■ PROBLEM DESCRIPTION ■
Please return the listing below exactly, without any of its pictures.

■ DATASET EXCERPT ■
+--

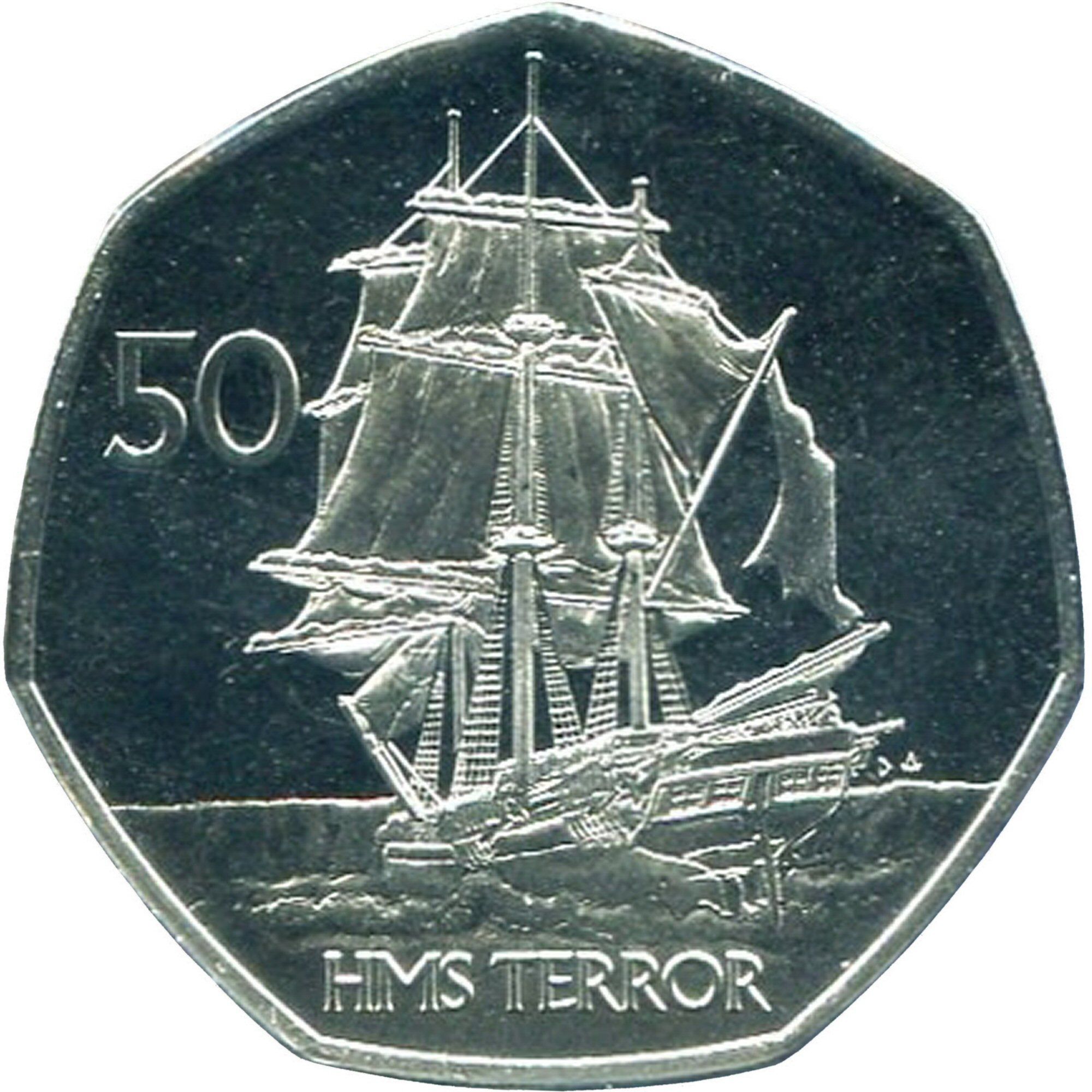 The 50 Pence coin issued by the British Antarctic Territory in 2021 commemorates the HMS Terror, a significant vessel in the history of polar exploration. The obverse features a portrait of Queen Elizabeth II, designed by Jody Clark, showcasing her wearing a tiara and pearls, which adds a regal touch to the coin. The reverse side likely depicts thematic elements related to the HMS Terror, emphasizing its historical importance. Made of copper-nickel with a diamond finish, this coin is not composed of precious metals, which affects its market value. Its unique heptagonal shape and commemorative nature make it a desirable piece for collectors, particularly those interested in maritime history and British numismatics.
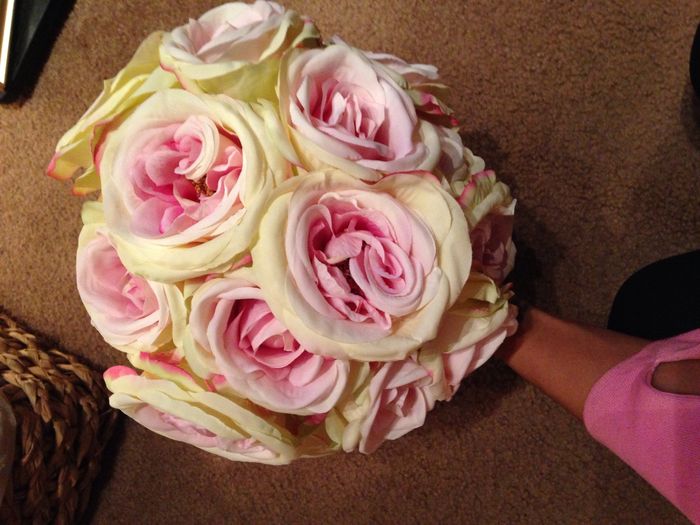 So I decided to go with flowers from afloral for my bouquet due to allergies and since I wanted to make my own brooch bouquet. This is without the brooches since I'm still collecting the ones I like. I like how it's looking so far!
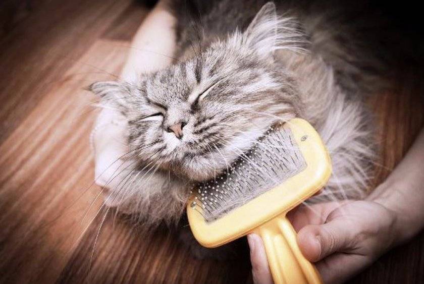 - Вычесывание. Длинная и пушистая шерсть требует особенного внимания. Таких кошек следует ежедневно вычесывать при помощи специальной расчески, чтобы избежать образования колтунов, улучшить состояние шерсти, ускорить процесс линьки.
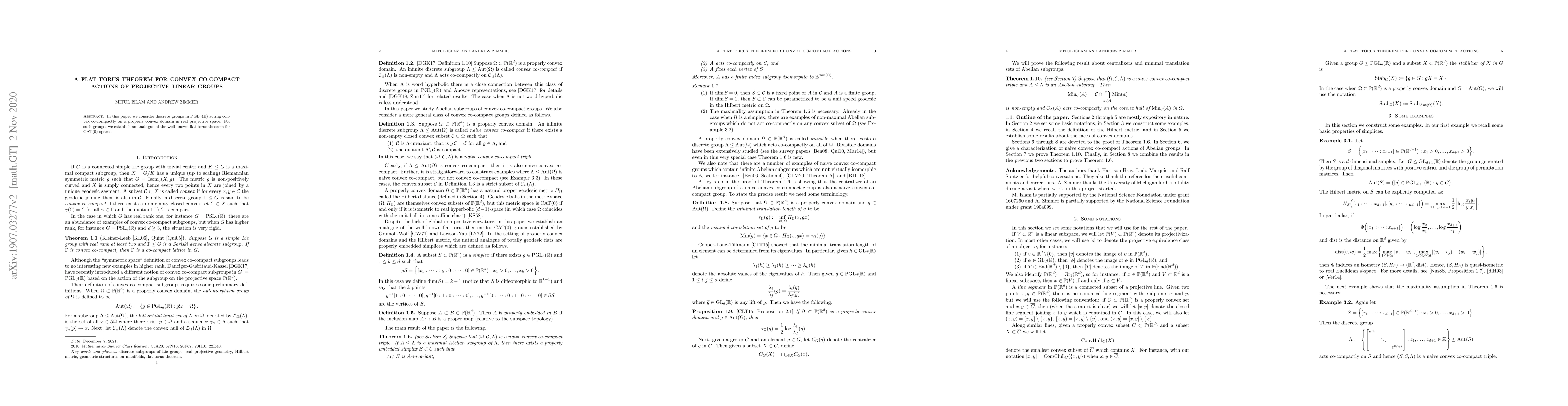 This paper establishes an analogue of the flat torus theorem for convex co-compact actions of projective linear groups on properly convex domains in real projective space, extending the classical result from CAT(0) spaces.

+--

■ SOLUTION ■
 The 50 Pence coin issued by the British Antarctic Territory in 2021 commemorates the HMS Terror, a significant vessel in the history of polar exploration. The obverse features a portrait of Queen Elizabeth II, designed by Jody Clark, showcasing her wearing a tiara and pearls, which adds a regal touch to the coin. The reverse side likely depicts thematic elements related to the HMS Terror, emphasizing its historical importance. Made of copper-nickel with a diamond finish, this coin is not composed of precious metals, which affects its market value. Its unique heptagonal shape and commemorative nature make it a desirable piece for collectors, particularly those interested in maritime history and British numismatics.
 So I decided to go with flowers from afloral for my bouquet due to allergies and since I wanted to make my own brooch bouquet. This is without the brooches since I'm still collecting the ones I like. I like how it's looking so far!
 - Вычесывание. Длинная и пушистая шерсть требует особенного внимания. Таких кошек следует ежедневно вычесывать при помощи специальной расчески, чтобы избежать образования колтунов, улучшить состояние шерсти, ускорить процесс линьки.
 This paper establishes an analogue of the flat torus theorem for convex co-compact actions of projective linear groups on properly convex domains in real projective space, extending the classical result from CAT(0) spaces.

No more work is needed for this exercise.